I had a very eye opening lecture today provided by Southampton’s own professor Ian Williams. He relayed the true facts that have caused the steady decline in England’s water quality.
According to the Environment agency, only 16% of the UK’s waters meet a ‘good’ ecological standard. This means free from nasty pollutants such as pathogens, heavy metals and microplastics; all of which have long-term health affects on both the environment and human health.
Now the metaphorical ‘housekeepers’ (political members) that have made our bed (the current water quality crisis we are currently experiencing) must be held accountable, not for the sole purpose of mockery or blame (maybe just a tad), but also to highlight the political mishaps that have occurred in order to prevent this from happening time and time again for the sake of our future water needs.
Owen Patterson was appointed Secretary of State for Environment, Food and Rural Affairs in September 2012 (he has had multiple different roles and politically aligns with conservatives but we shan’t detail his other roles here).
Despite being entrusted to watch over our environmental affairs, he is a climate change sceptic and has publicly denied knowledge on climate change from real scientists. He has supported fracking movements and the cherry on top has been his 40% cut for climate change adaptation – leaving the UK vulnerable to the effects of floods.
Now flooding is known to cause increased pollution into water bodies due to excessive run-off which would contain a plethora of urban street chemicals, pesticides and such. I think it’s a safe assumption that UK politics can at sometimes feel like a cruel joke – especially hiring a climate sceptic as the secretary for the Environment.
You thought Patterson was bad, lets hear the journey of Liz truss, his successor (years 2014 – 2016). Despite Patterson’s clear fumbles in terms of climate action, Truss appears to be the key determinant of the water quality fate we see today.
Truss was able to cut £24 million from the environmental protection under the guise of ‘efficiency measures’, however these ‘measures’ depleted surveillance of water companies allowing them to get away with unmonitored sewage discharges into the sea.

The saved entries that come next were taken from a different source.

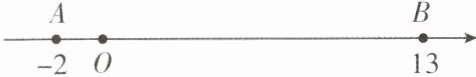 (1)因为点A表示的数为-2,点B表示的数为13,所以$AB=|13-(-2)|=15$,线段AB的中点表示的数为$\frac{13-2}{2}=\frac{11}{2}$,故答案为15,$\frac{11}{2}$.
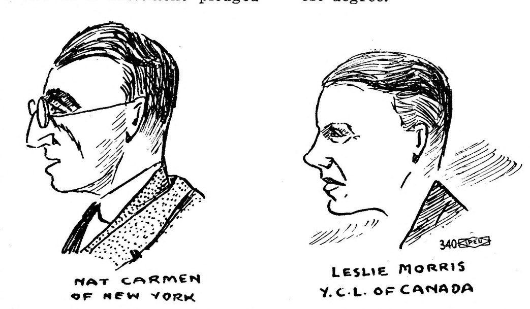 The national executive committee of the Canadian Young Communist League is beginning its great campaign of activity. Many important decisions were made during the last session of that body, Leslie Morris, secretary of the League ,is to go on tour thru Ontario to organize new branches; another organizer is to be sent in the near future to organize nuclei in the mining towns, where prospects are extent for communist work, the miners being among the most radical in the industry, and that yet another organizer be sent out West as soon as possible. A youth paper is to be started soon, thus giving the Canadian league its own organ. For all these things finances are needed and so the members are being urged to give a day’s wage on November 7th, the anniversary of the Soviet Republic. If the league had more finances, the opportunities for a splendid growth would be realized in short order. In spite of all the difficulties, such as finances, youth of the organization, vastness of the territory to be covered, and so forth, the league is continuing to grow rapidly. Junior Groups being organized in many cities, educational activity is being increase and the organization of shop nuclei is being started in the larger cities.
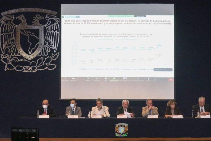 Ante más de 20 rectores y rectoras de universidades, así como de 20 directores y directoras de escuelas de Medicina del país, el funcionario detalló que durante el ciclo 2021-2022, la matrícula total en las instituciones de educación superior, públicas y particulares, en especial en Medicina, alcanzó 153 mil 830 estudiantes, así como más de 42 mil la matrícula en programas de especialidades médicas.
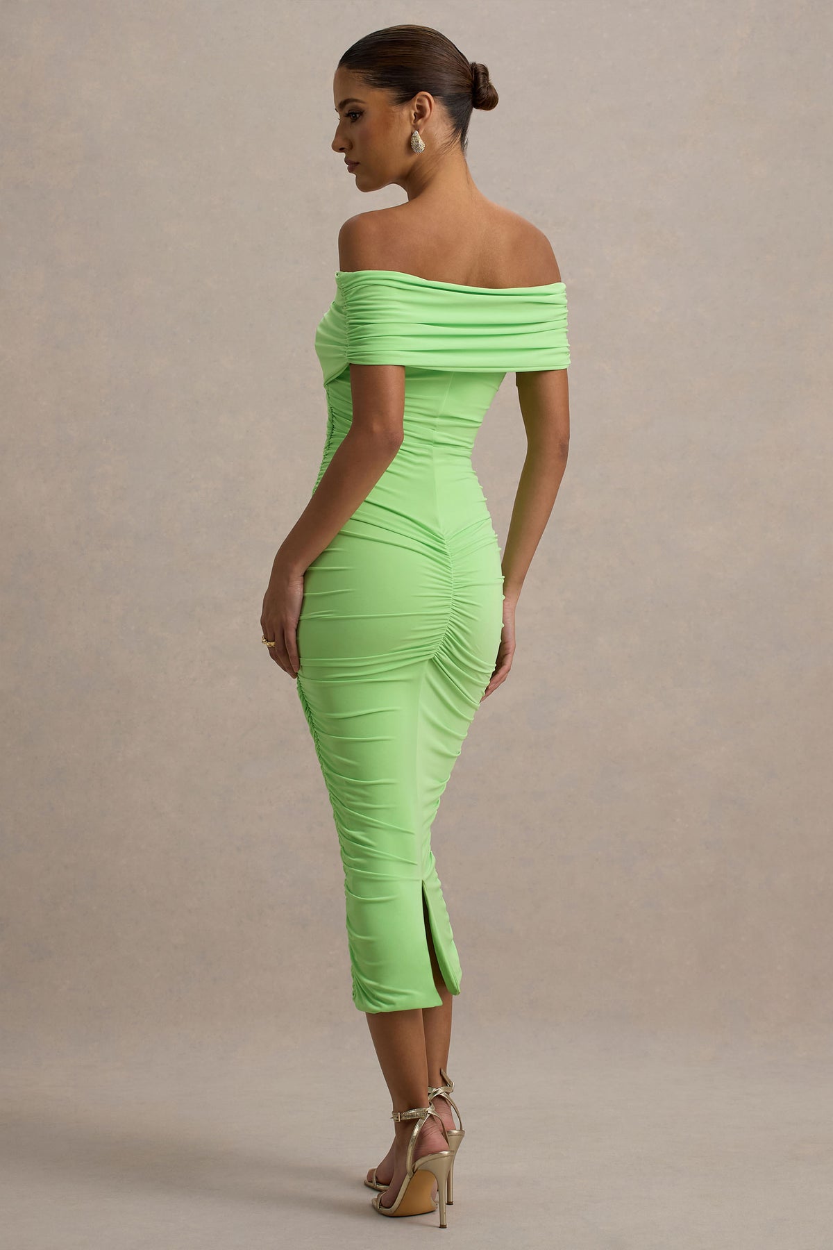 Have yourself feeling like a gift in Unwrapped, our light green midi dress. With a fully ruched body to flatter your figure and accentuate those curves, this piece is finished with a classic bardot neckline. Try pairing Unwrapped with a sleek bun and strappy stilettos to showcase all it has to offer.
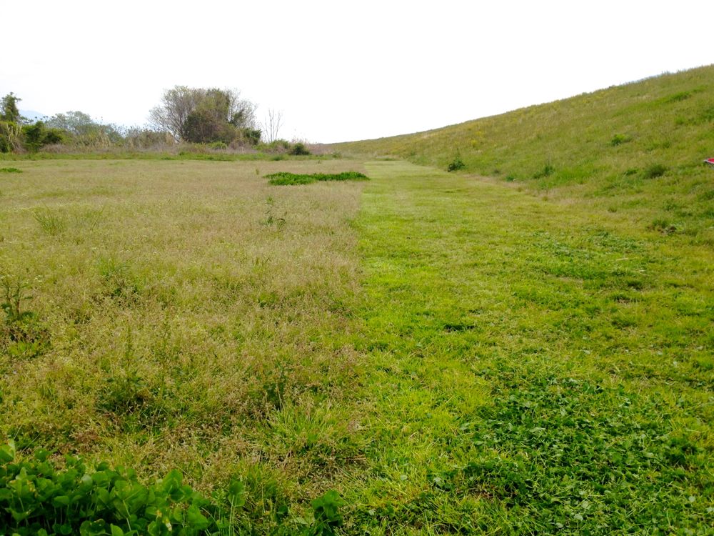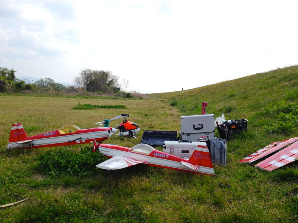 とりあえず飛行場の草刈りが終わったと思ったら、I店主がいつもどおりサービスカットを発動。飛行場両端の拡張工事に入りました。石や空き缶、太めの木や草などを取り除き草刈機で刈っていきました。ちょっと広がった飛行場、なかなかいい感じ。…ところが今日は強風のためか、この【広がった】飛行場で4機も墜落…。
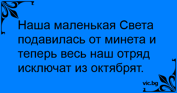 Наша маленькая Света подавилась от минета и теперь весь наш отряд исключат из октябрят.
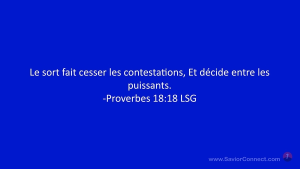 Le sort fait cesser les contestations, Et décide entre les puissants. -Proverbes 18:18 LSG
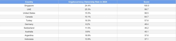 Singapur belegte mit einer Gesamtpunktzahl von 100 den ersten Platz. 24,4 % der Bevölkerung besitzen Kryptowährungen und Singapur ist mit 2.000 kryptowährungsbezogenen Suchanfragen pro 100.000 Einwohnern weltweit führend bei der Suchaktivität. Im Jahr 2021 besaßen nur 11 % der Singapurer digitale Vermögenswerte, doch im darauffolgenden Jahr hatte sich diese Zahl mehr als verdoppelt.
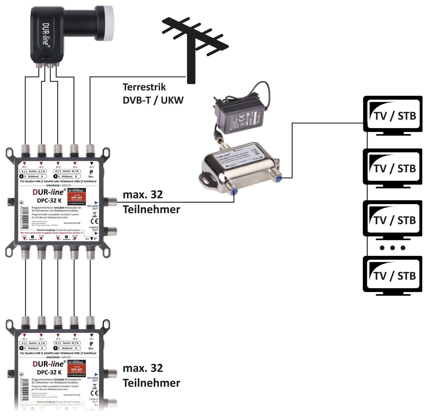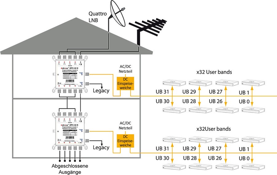 Natürlich braucht der DCP32 ein Quattro LNB (oder Wideband, je nach Programmierung).

Data from labour’s analysis of official figures shows that raw sewage discharge in England and Wales doubled between 2016 – 2021.
The Ironic part of this is Patterson was sacked for his lack of preparedness and foresight when slashing climate adaptation budgets, when subsequent floods destroyed the UK.
Then Liz Truss was appointed to his position and moves resources away from water monitoring to flood protection. However, she has failed to realise that this will (and has) severely jeopardised the quality of UK waters to the point where the environment agency are so far stretched that they simply could not monitor all of England and Wales’s water ways.
Thus, they allowed the students to mark their own homework by letting the water companies to asses themselves according to regulations, as well as disclosing their own sewage discharges (spoiler alert – they cheated!).
Now we can only hope for a more competent and swift resolution of these current issues, striving to bring back Britain to its former water quality greatness.